__Aim of the task__
Every line in the records below between the one holding "Il 5 giugno" and the one holding "192.168.0.110 -z 1-1000", inclusive, is to be set down exactly; all other lines are to be left out.

__Working data__
Segment Open
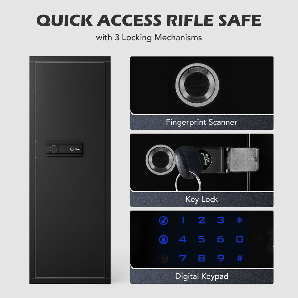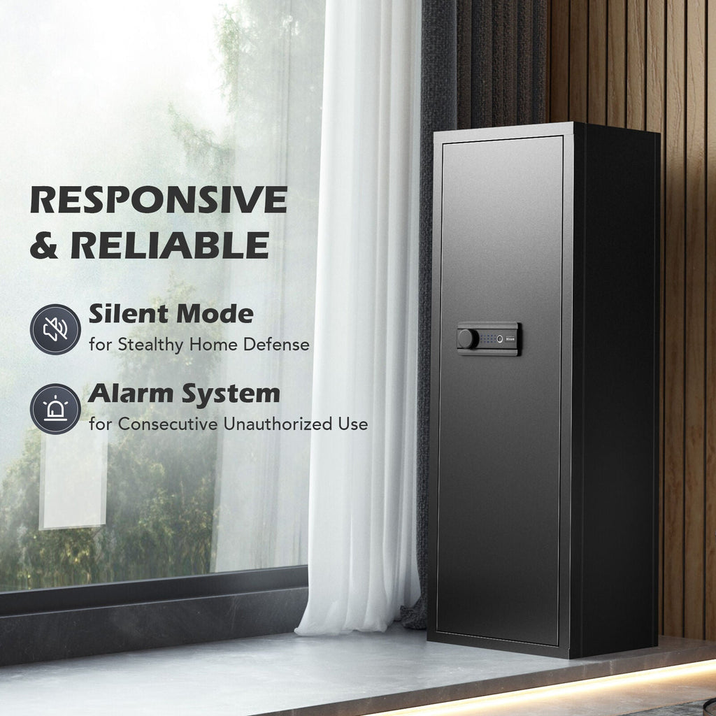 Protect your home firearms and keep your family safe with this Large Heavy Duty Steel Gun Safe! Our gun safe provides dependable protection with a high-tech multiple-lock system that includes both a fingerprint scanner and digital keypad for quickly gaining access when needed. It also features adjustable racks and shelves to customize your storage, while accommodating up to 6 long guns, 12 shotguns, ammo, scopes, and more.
Segment Closed
Segment Open
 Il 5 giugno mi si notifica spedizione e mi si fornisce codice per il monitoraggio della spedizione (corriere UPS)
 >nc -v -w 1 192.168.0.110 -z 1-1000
Segment Closed
Segment Open
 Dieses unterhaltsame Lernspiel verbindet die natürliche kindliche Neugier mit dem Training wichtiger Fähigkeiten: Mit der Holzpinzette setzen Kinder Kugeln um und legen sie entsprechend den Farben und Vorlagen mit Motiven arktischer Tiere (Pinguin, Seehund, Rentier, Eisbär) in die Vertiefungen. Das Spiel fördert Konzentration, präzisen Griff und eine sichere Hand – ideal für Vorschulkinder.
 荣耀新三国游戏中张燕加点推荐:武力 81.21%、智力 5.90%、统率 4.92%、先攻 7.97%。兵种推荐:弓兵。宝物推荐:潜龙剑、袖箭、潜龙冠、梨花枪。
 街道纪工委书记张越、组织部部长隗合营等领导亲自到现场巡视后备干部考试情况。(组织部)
Segment Closed
__Output below__
 Il 5 giugno mi si notifica spedizione e mi si fornisce codice per il monitoraggio della spedizione (corriere UPS)
 >nc -v -w 1 192.168.0.110 -z 1-1000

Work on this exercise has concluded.